_About this exercise_.
Pictures in the listing below are skipped, while the lines from the "Square Buckle Link" line through the "大柴旦翡翠湖位于青海省海西蒙" line are returned word for word.

_Material shown_.
┌────────

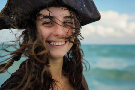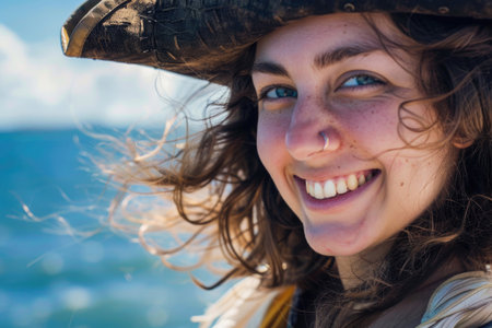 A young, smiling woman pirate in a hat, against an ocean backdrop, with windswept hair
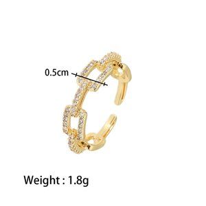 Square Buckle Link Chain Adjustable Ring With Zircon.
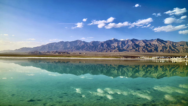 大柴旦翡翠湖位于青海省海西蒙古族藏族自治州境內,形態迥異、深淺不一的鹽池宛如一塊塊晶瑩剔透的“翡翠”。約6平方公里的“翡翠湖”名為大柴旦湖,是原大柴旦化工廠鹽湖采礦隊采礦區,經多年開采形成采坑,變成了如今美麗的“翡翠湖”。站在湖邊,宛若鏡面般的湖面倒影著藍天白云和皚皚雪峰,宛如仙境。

└────────
┌────────

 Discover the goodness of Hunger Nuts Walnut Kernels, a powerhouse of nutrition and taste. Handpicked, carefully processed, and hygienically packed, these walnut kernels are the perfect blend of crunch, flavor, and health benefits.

└────────
┌────────

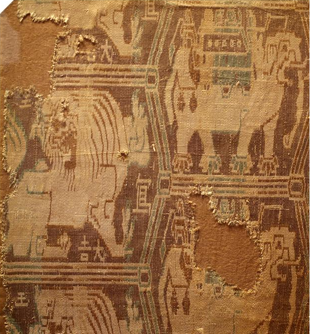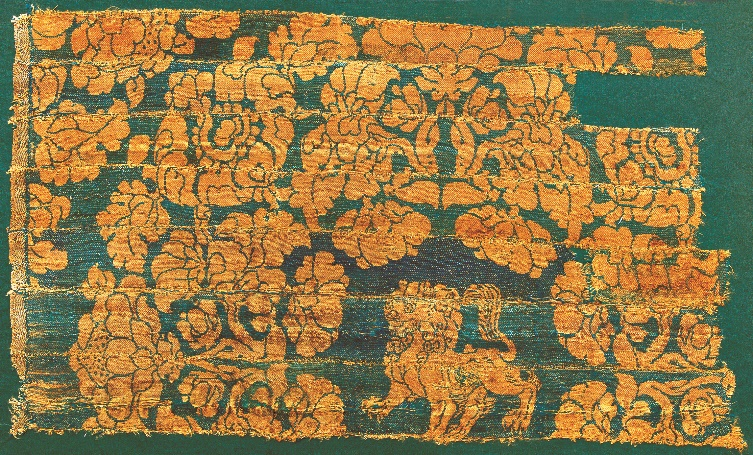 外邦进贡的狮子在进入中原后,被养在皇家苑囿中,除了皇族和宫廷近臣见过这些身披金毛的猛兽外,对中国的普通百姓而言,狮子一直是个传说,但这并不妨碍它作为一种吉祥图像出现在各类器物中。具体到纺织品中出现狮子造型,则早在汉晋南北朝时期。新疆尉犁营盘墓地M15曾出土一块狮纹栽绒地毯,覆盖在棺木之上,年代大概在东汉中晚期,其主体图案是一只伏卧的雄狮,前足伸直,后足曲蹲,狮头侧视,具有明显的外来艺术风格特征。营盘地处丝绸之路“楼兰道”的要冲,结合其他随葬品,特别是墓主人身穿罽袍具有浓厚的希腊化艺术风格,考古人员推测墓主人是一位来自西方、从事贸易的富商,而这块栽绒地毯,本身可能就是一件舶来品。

└────────

_Task output_.
 Square Buckle Link Chain Adjustable Ring With Zircon.
 大柴旦翡翠湖位于青海省海西蒙古族藏族自治州境內,形態迥異、深淺不一的鹽池宛如一塊塊晶瑩剔透的“翡翠”。約6平方公里的“翡翠湖”名為大柴旦湖,是原大柴旦化工廠鹽湖采礦隊采礦區,經多年開采形成采坑,變成了如今美麗的“翡翠湖”。站在湖邊,宛若鏡面般的湖面倒影著藍天白云和皚皚雪峰,宛如仙境。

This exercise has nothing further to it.